▶ REQUIRED ACTION: Transcribe only the lines in the data below falling between the line with "A gorgeous full" and the line with "서울시는 18일 '여성우선주차장'", including those two lines, and leave out any picture.

▶ TASK DATA:
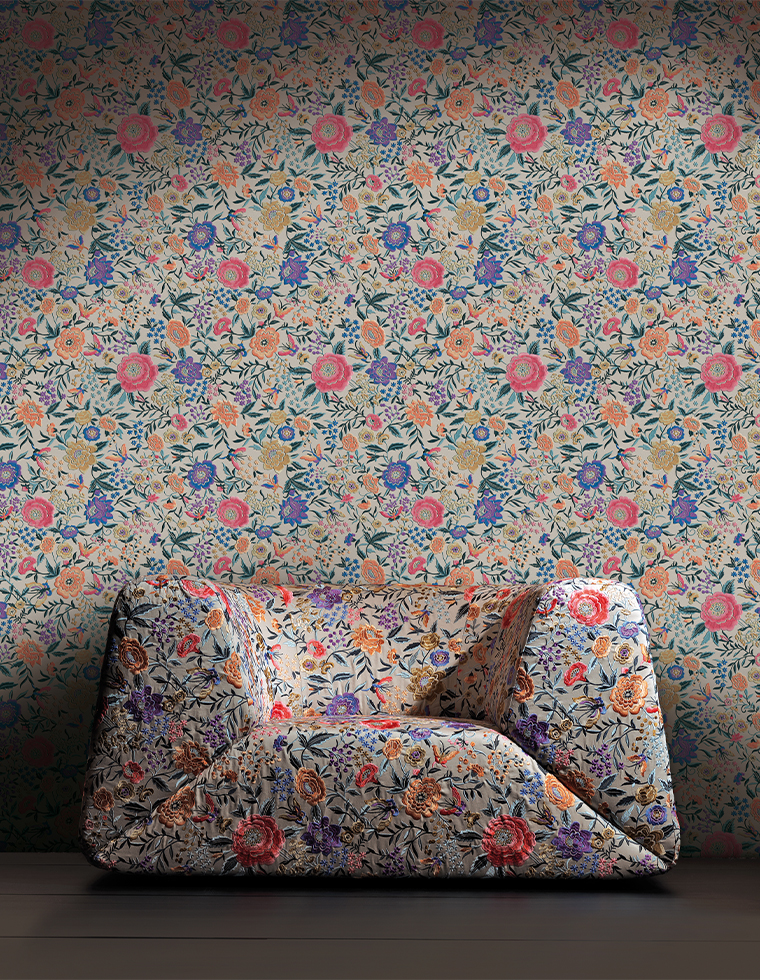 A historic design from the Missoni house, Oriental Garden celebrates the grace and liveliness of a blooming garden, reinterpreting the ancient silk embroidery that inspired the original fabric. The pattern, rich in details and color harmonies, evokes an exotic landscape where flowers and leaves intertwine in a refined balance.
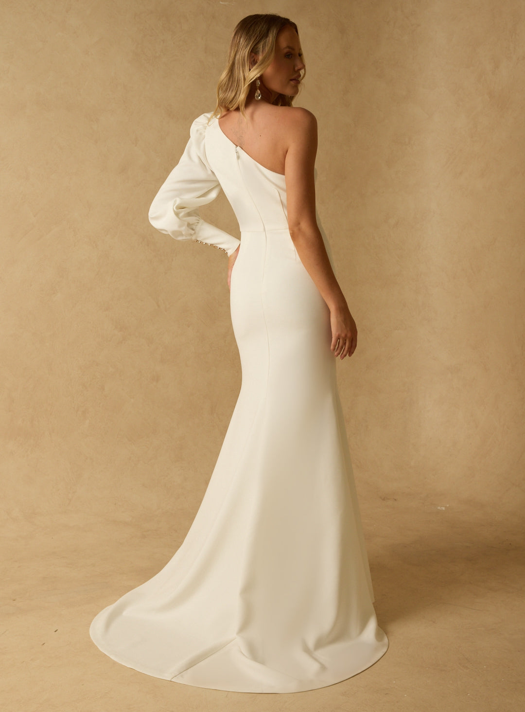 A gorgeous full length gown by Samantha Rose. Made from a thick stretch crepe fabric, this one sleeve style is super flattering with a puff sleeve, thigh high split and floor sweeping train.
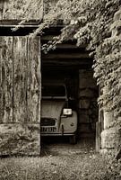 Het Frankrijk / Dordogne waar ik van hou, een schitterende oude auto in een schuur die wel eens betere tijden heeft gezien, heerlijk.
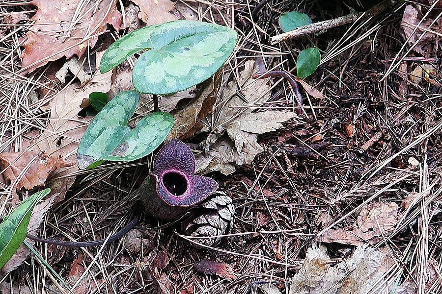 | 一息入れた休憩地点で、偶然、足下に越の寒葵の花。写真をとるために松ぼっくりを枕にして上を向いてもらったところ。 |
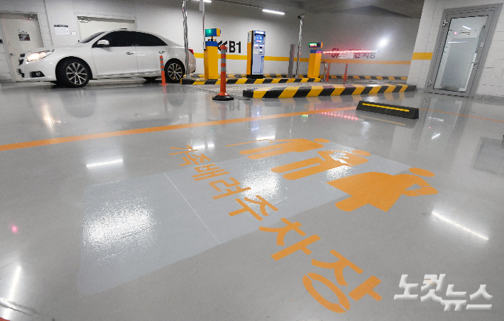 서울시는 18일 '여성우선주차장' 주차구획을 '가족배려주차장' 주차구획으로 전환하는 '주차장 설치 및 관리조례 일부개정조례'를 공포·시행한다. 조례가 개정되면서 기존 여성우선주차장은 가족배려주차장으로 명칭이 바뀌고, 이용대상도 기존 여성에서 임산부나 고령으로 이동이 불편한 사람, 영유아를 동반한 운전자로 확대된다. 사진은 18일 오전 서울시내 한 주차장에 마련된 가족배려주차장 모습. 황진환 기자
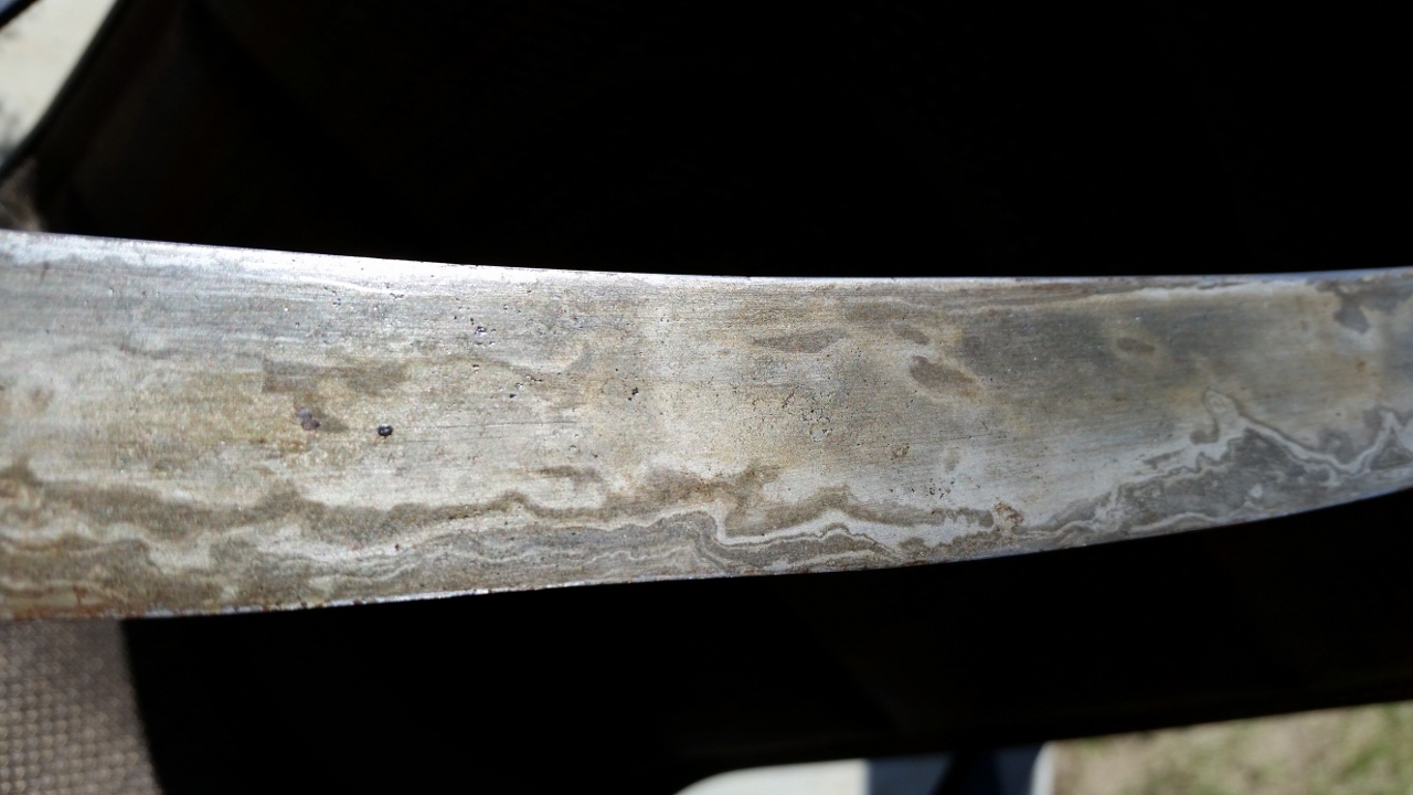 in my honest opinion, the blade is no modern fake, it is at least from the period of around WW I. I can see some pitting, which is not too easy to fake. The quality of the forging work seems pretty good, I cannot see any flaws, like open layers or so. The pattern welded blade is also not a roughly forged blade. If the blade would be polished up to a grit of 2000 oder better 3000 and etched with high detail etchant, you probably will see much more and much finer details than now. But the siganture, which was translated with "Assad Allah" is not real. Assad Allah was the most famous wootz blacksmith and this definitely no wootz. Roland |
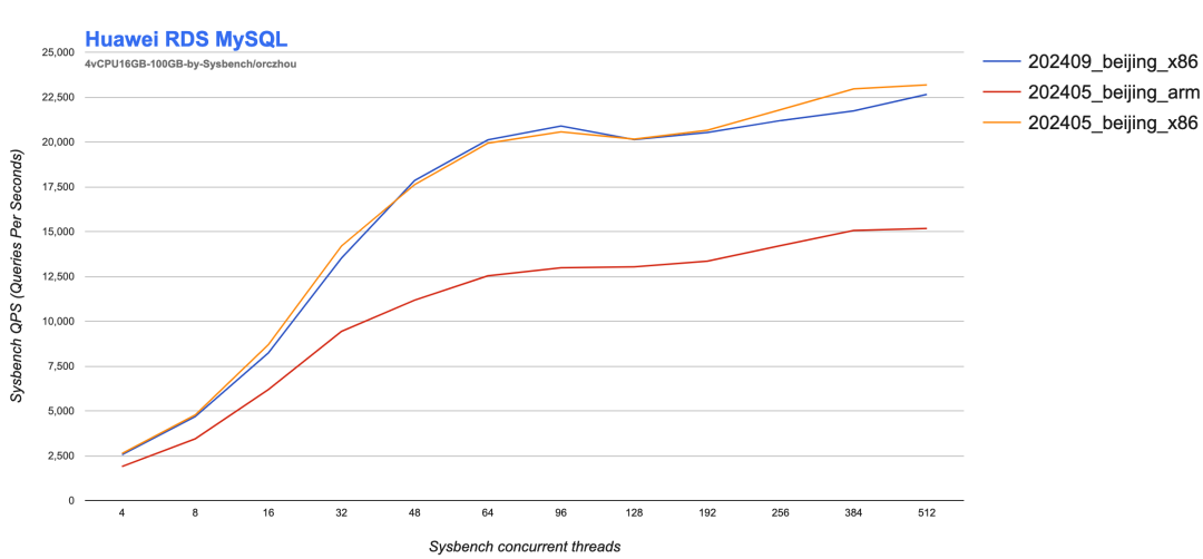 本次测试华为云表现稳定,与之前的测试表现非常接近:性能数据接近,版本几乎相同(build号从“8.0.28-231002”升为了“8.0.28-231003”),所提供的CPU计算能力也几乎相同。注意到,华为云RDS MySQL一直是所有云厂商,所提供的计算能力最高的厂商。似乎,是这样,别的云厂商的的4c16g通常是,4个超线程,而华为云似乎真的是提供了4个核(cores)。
--
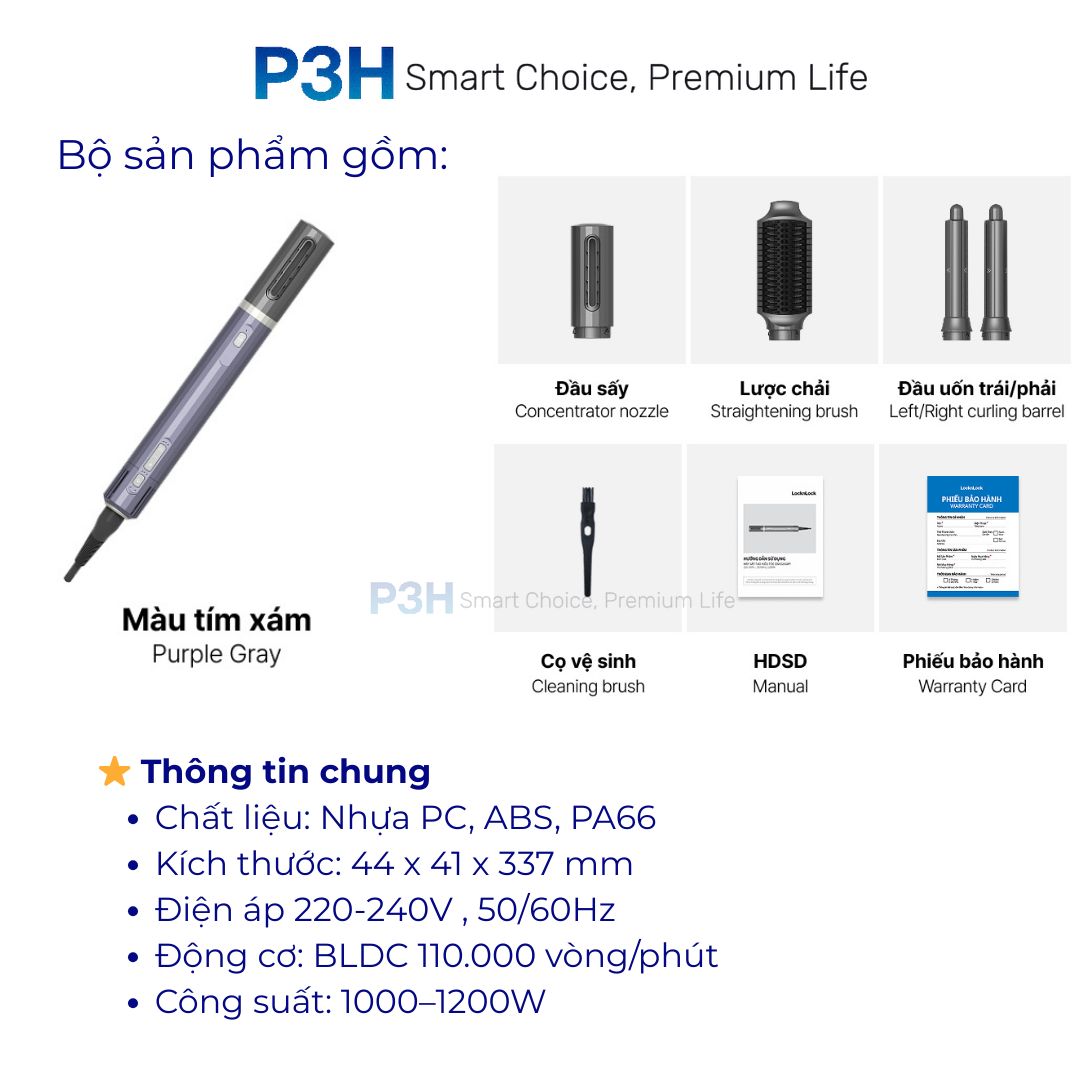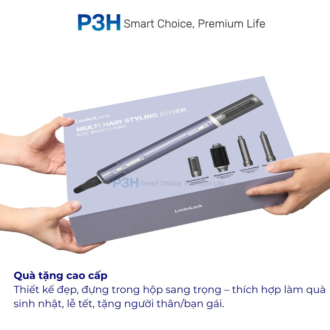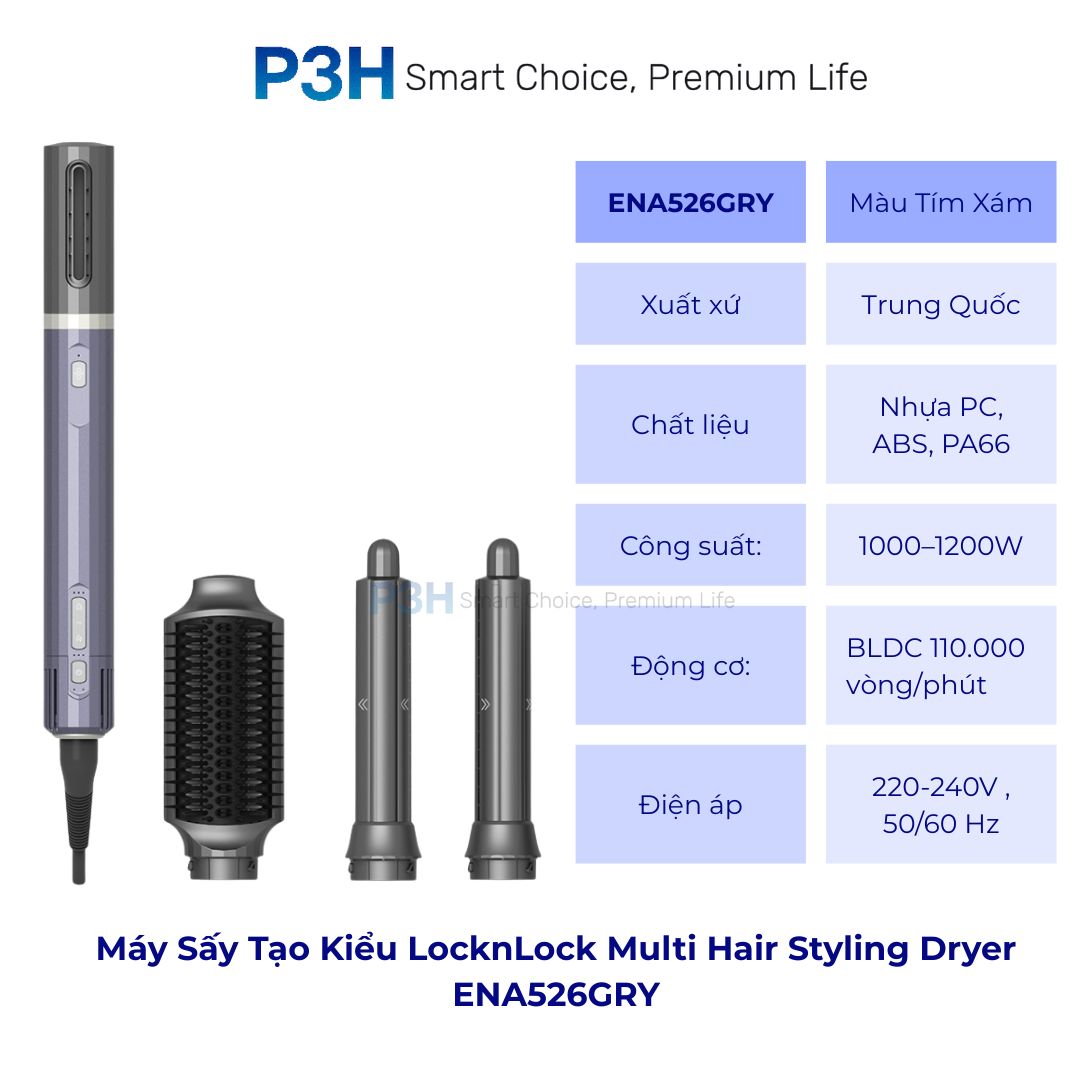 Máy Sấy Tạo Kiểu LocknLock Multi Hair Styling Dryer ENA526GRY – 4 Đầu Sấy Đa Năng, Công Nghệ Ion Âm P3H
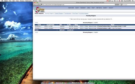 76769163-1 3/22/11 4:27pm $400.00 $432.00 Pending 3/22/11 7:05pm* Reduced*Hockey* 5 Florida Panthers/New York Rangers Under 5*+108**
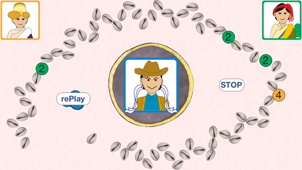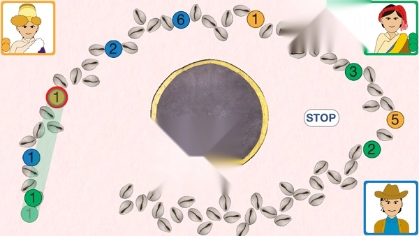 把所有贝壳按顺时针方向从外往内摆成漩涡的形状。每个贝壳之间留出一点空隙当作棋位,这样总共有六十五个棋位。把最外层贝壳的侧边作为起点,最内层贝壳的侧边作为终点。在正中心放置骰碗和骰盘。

▶ PROBLEM SOLUTION:
 A gorgeous full length gown by Samantha Rose. Made from a thick stretch crepe fabric, this one sleeve style is super flattering with a puff sleeve, thigh high split and floor sweeping train.
 Het Frankrijk / Dordogne waar ik van hou, een schitterende oude auto in een schuur die wel eens betere tijden heeft gezien, heerlijk.
 | 一息入れた休憩地点で、偶然、足下に越の寒葵の花。写真をとるために松ぼっくりを枕にして上を向いてもらったところ。 |
 서울시는 18일 '여성우선주차장' 주차구획을 '가족배려주차장' 주차구획으로 전환하는 '주차장 설치 및 관리조례 일부개정조례'를 공포·시행한다. 조례가 개정되면서 기존 여성우선주차장은 가족배려주차장으로 명칭이 바뀌고, 이용대상도 기존 여성에서 임산부나 고령으로 이동이 불편한 사람, 영유아를 동반한 운전자로 확대된다. 사진은 18일 오전 서울시내 한 주차장에 마련된 가족배려주차장 모습. 황진환 기자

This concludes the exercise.